6. Copy dataset to share from macOS client: `rsync -a --progress ~/dataset /Volumes/test_share/`
Comment 1 Ralph Böhme 2020-06-29 05:23:02 UTC
Can you please upload a parallel network trace plus Samba log level 10?
Comment 2 Gordon 2020-06-30 00:08:44 UTC
(In reply to Ralph Böhme from comment #1)

I originally attempted to use log level 10 (the uploaded log is level 5) but it filled up my entire hard drive with a log file over 200 GB in size before the copy even finished - in fact it was pegging my drive I/O just writing the log file, so the copy was moving at an incredibly glacial pace. Is a log file this large actually useful?

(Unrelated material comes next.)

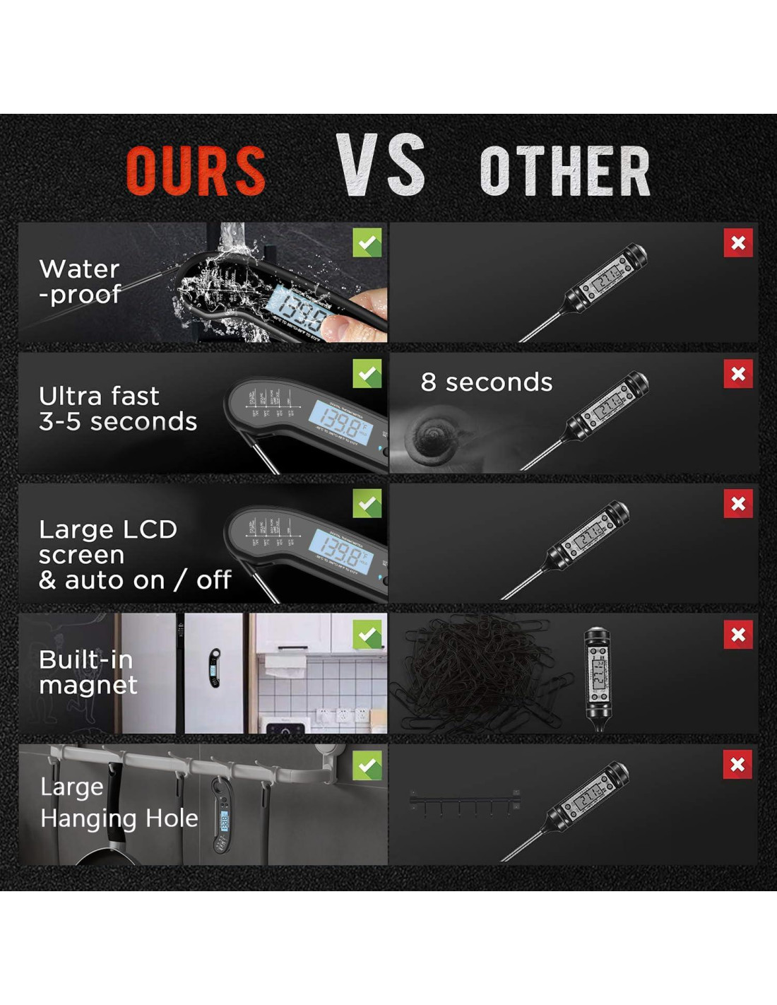 - Un gadget imprescindible para BBQ al aire libre - Pantalla LCD grande para lectura instantánea, el diseño retroiluminado puede ayudarte a leer claramente incluso en la oscura noche de BBQ al aire libre o en el denso ambiente de parrilla humeante. El fuerte imán interno y el gran agujero para colgar pueden ser fijados al refrigerador/horno/ganchos para un almacenamiento práctico

If it's absolutely necessary I can try logging to a larger external drive…
Comment 3 Jeremy Allison 2020-06-30 01:24:25 UTC
This message:

rsync: [receiver] write failed on "/Volumes/Ubuntu Ryzen/the_records/001f721f-ed2b-4e09-9245-05d5fd275f4a.event/data.txt": Is a directory (21)

says that the server somehow is getting confused and thinks the client is issuing a SMB2_WRITE on a directory handle (which is disallowed).

A wireshark trace containing the NT_STATUS_ error returned that matches this error on the client would help greatly.
Comment 4 Ralph Böhme 2020-06-30 04:41:03 UTC
(In reply to Jeremy Allison from comment #3)
This is the symptom, not the cause. 

If the amount of tracedata gets that big, first try to minimize the test dataset.

In any case, we need log level 10 debug logs and parallel network trace.
Comment 5 Jeremy Allison 2020-06-30 17:23:55 UTC
(In reply to Ralph Böhme from comment #4)

Ah, sorry. Was just trying to get some signal from the noise :-). We certainly can't do anything without more data.
Comment 6 Gordon 2020-06-30 21:40:09 UTC
Created attachment 16102 [details]
Samba log, rsync log, network trace, smaller dataset
Comment 7 Gordon 2020-06-30 21:44:05 UTC
I was able to get 100% reproducibility with a much smaller dataset which shows the issue after only a few seconds. I used level 10 logging and also got a network trace (following instructions at (https://wiki.samba.org/index.php/Bug_Reporting).

See attachment "Samba log, rsync log, network trace, smaller dataset".

Note that since I wasn't comfortable uploading network traffic for my entire home network, I used two systems connected directly with link-local addresses for this second test.